For more details, check our tech page.
Model Evaluation
For Minerva's evaluation, we used ITA-Bench, a new suite for testing Italian-speaking models. ITA-Bench has 18 benchmarks for assessing language model performance on tasks like scientific knowledge, commonsense reasoning, and mathematical problem-solving.
💻 Usage Examples
Basic Usage
import transformers
import torch
model_id = "sapienzanlp/Minerva-7B-instruct-v1.0"

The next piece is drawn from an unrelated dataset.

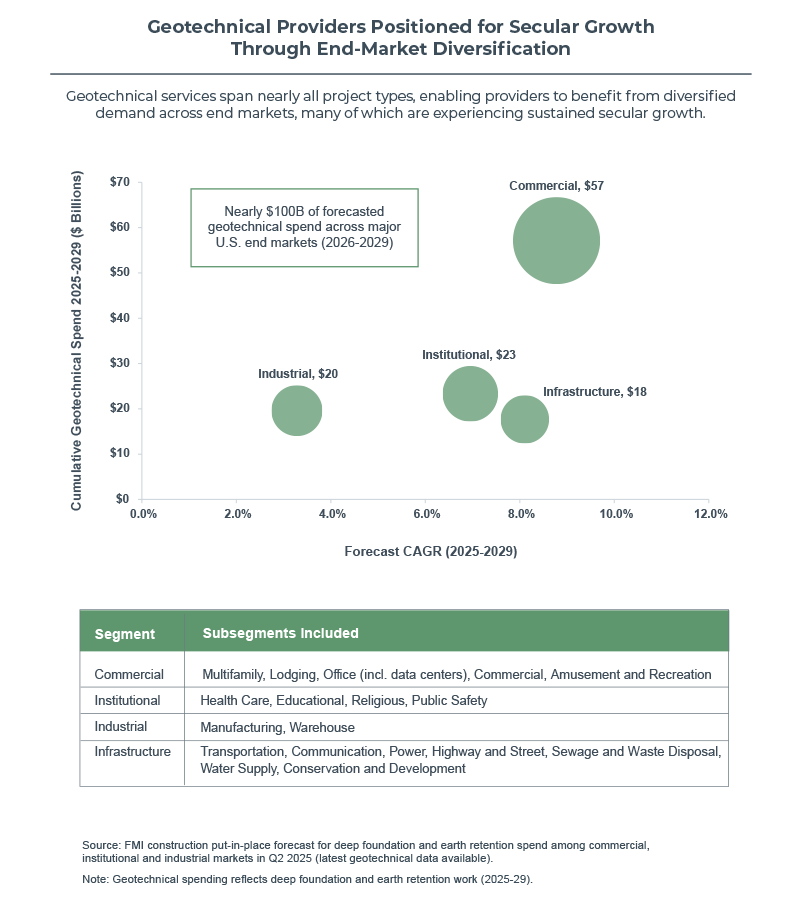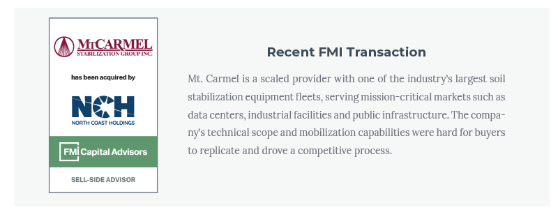 Across FMI’s recent work, one theme is clear: geotechnical providers with strong value-added design and engineering capabilities, specialized fleets and proven execution are becoming some of the most sought-after platforms in the construction ecosystem.

pipeline = transformers.pipeline(
model=model_id,
model_kwargs={"torch_dtype": torch.bfloat16},
device_map="auto",
)
input_conv = [{"role": "user", "content": "Qual è la capitale dell'Italia?"}]
output = pipeline(
input_conv,
max_new_tokens=128,
)
output
[{'generated_text': [{'role': 'user', 'content': "Qual è la capitale dell'Italia?"}, {'role': 'assistant', 'content': "La capitale dell'Italia è Roma."}]}]
🔧 Technical Details
Bias, Risks, and Limitations
This is a chat foundation model with alignment and safety risk mitigation strategies. However, the model may:
- Overrepresent some viewpoints and underrepresent others
- Contain stereotypes
- Contain personal information
- Generate:
- Racist and sexist content
- Hateful, abusive, or violent language
- Discriminatory or prejudicial language
- Content inappropriate for all settings, including sexual content
- Make errors, including producing incorrect information or historical facts as if factual
- Generate irrelevant or repetitive outputs
We're aware of biases and potential problematic/toxic content in current pretrained large language models. As probabilistic models of (Italian and English) languages, they reflect and amplify training data biases. For more information, refer to our survey:
📄 License
The model is licensed under the Apache-2.0 license.